An Interview with TIN Arts

Bea Jackson

 

To our shame, when we at Wayzgoose first discussed linking with local arts projects, we had not yet come across TIN Arts.

Running for 22 years on our doorstep, TIN is the eponymous brainchild of Martin, inspired by his wife Tess. Both are professionally trained dancers with a vision to provide worldwide access to the arts.

If queried on their career predictions thirty years ago, it is unlikely that they would have foreseen running a national movement for artists with learning disabilities and autism. Yet, chance and ingenuity led them to be at the forefront of performing arts and dance opportunities for many across the UK who otherwise would not have access.

I had the pleasure of hearing more about Martin’s story in Autumn. Read on for more of our conversation, including the success of TIN’s student George, and advice for local students seeking to support the cultural growth in County Durham.

Wayzgoose is giving a percentage of the proceeds from our posters and new T-shirts towards the work of TIN Arts.
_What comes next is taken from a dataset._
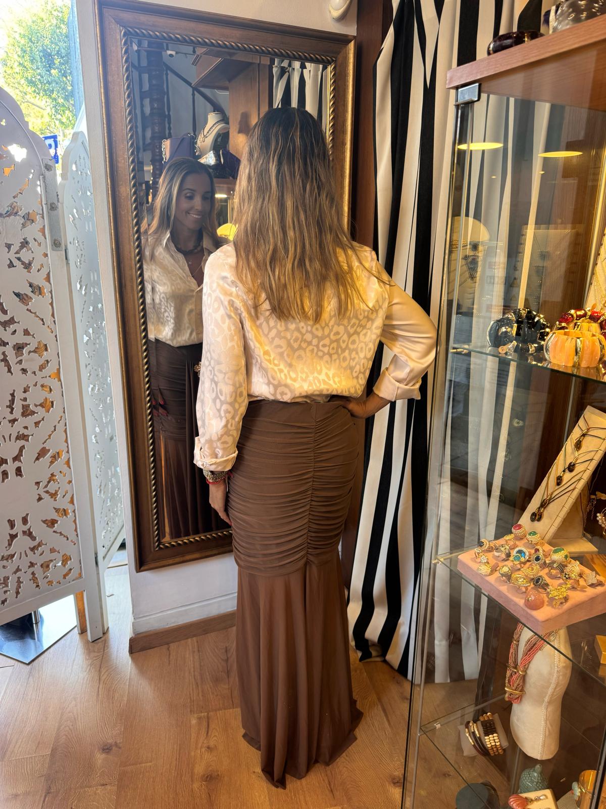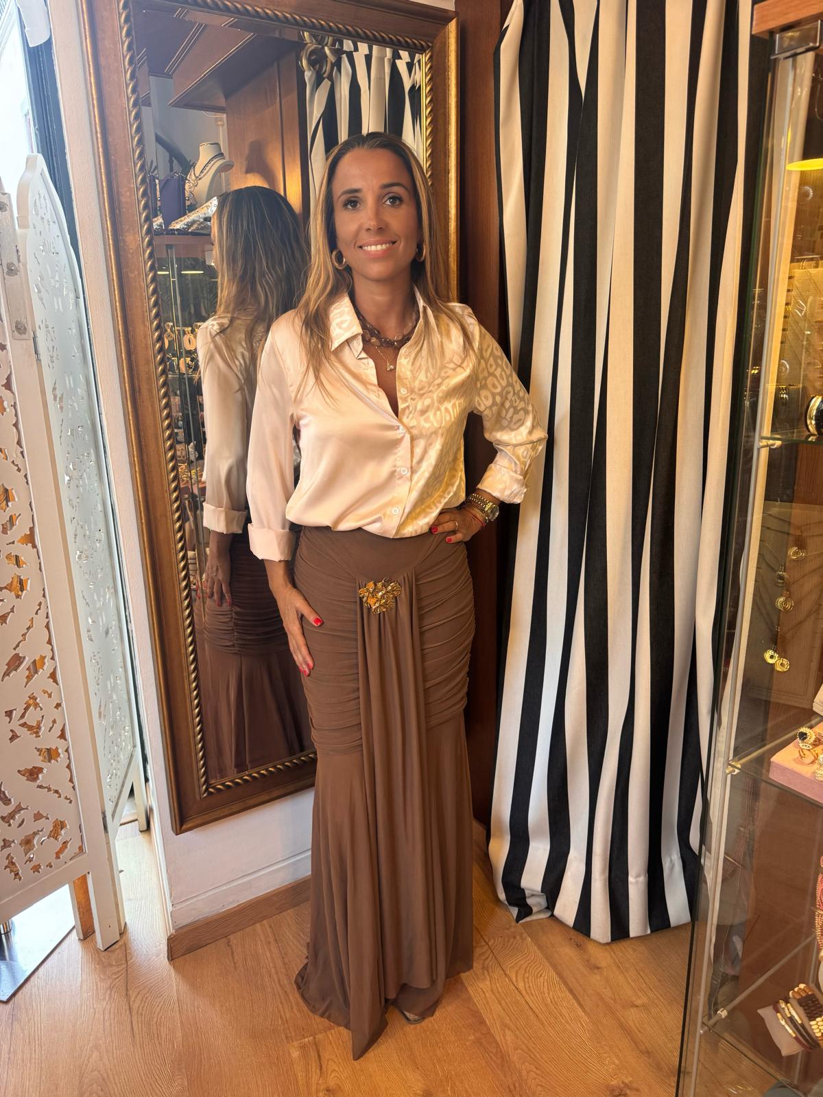 Saia em tecido leve com aplicação brilhante

We hope that our readers will gain a better understanding of what their money is going towards and hopefully will be inspired to become more involved with local projects.

Pre-order here: …

Could you tell us how TIN Arts came to be?

“Myself and my wife were both trained dancers at the Northern School of Contemporary Dance and we met in Leeds in 1997. We graduated and did all things that dancers were supposed to do; we tried to get some work in performances, theatres, and a little bit of touring. It got to about 1999, we were living in Brighton at the time, and we decided that we wanted to start a family and Tess is from the North East so we moved there.
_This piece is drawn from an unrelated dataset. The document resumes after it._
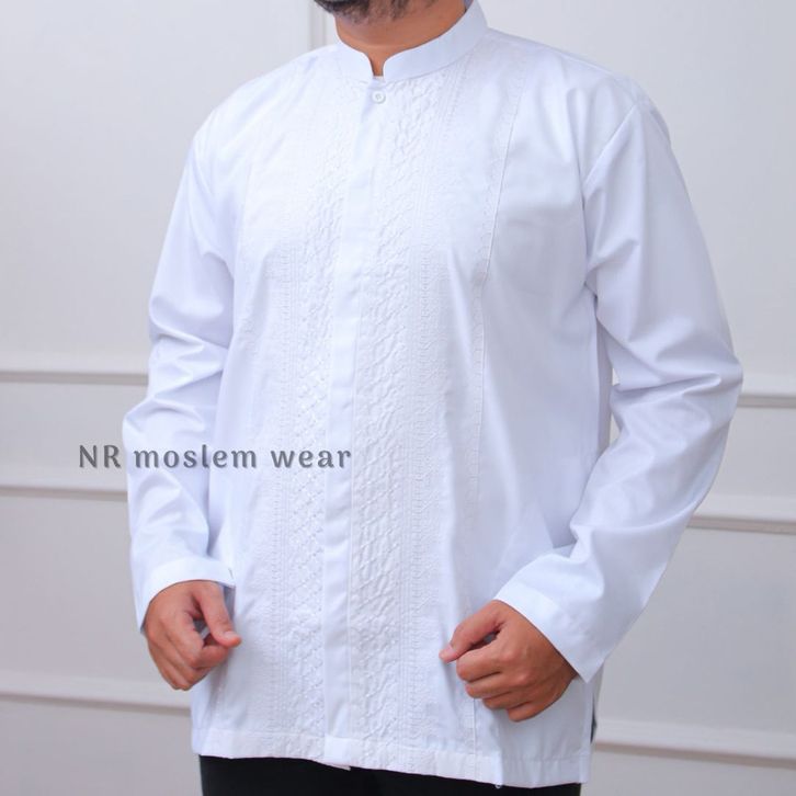 TERLARIS BAJU KOKO KATUN DEWASA BORDER PUTIH LENGAN PANJANG , KEMEJA KOKO PUTIH ARK KZ NEW

The first thing we did was think about how we could start a business. We made plans to teach dance, quite a traditional pathway, but it just so happened that two of the offers that we got -one was a school group, one was an adult group- were both for people with a learning disability.

We had never done it before, we had no family attachment or history to it. But, we started workshops and classes in Newcastle and Durham… we didn’t really know what we were doing but we were trying our best. Afterwards both groups said “oh, that was really good, we really enjoyed that, can we do that again as we don’t get to see much of this”. So that kind of perked our interest and we went “why don’t you get to do much of this?”.

The simple answer was “just, well people don’t create arts opportunities for people with learning disabilities”. Straight away there were two things: one was a moral sense that’s not right and doesn’t seem fair; the other was a commercial lens that it makes sense to have a business focusing on that area if no one else is doing it. The main thing was that we really enjoyed it, it came very natural to us both.

So in 2000, we formally started TIN arts with a focus on trying to deliver dance and performing arts programmes to people with the least access to it.

We started with those with learning disabilities, then we added young people with autism. We then incorporated people who live in deprived communities, we moved into hospitals… so that’s the pattern of TIN arts. We have always been looking at where do people not get to access art for free on their doorstep, let’s go do it there.

We’ve done that now for twenty-one years and we are the biggest, in terms of learning disabilities and autism, of leading dance companies across the North. You can take part in workshops or art-based activities whether you are two years old or ninety years old. We also have talent programmes where we have met artists who have created dance performance shows that have toured nationally and internationally. It shows that excellence exists in all types of bodies and all types of people. Dance is not for a certain type of aesthetic or certain type of person. It is all about the way people move.

We all move differently, there is beauty in all types of ways that people move. Everybody has got a story to tell.”

What is your vision for TIN?

“Our vision is simply access to the arts for all. That’s the world we believe in. Whether we do it or somebody else do, it doesn’t matter.

But our mission isn’t about taking dance to people and giving it to as many people as we can. Our mission is about identifying, removing, and reducing the barriers that stop people from taking part in the arts.

Some barriers can be about prejudice, preconception about financial barriers, and locality. Anything you do in life has barriers around it. Sometimes it can be the way you talk, the way you walk, the way you look. We try to strip those away and leave the art form of dance for anyone to enjoy.”

Why do you believe the arts are important to our lives?

“The arts, creativity and culture are universal and subjective. Whether it’s music, or watching films or going for a walk on the hillside, it’s all brought together as culture. It’s whatever you want it to be, whatever your relationship with creativity is, however you would like to express yourself; whether by standing on a stage and dancing or going to a nightclub tomorrow. Entertainment, culture, arts, they are all intrinsically linked. They are a way of expressing ourselves and a whole form of communication.

The way that the arts can address your mental and physical health is really strong. It is an outlet, a way of channelling anxieties and finding peace for yourself. You don’t have to answer to anybody else. You don’t have to prove yourself. There is no right and there is no wrong. You can dance, you can paint, you can act. It is an open, immersive experience at whatever level you want it to be.

Individual benefits include self confidence, self-esteem, and problem solving. Ultimately it is an open universal gift that anyone can accept and use how they want to.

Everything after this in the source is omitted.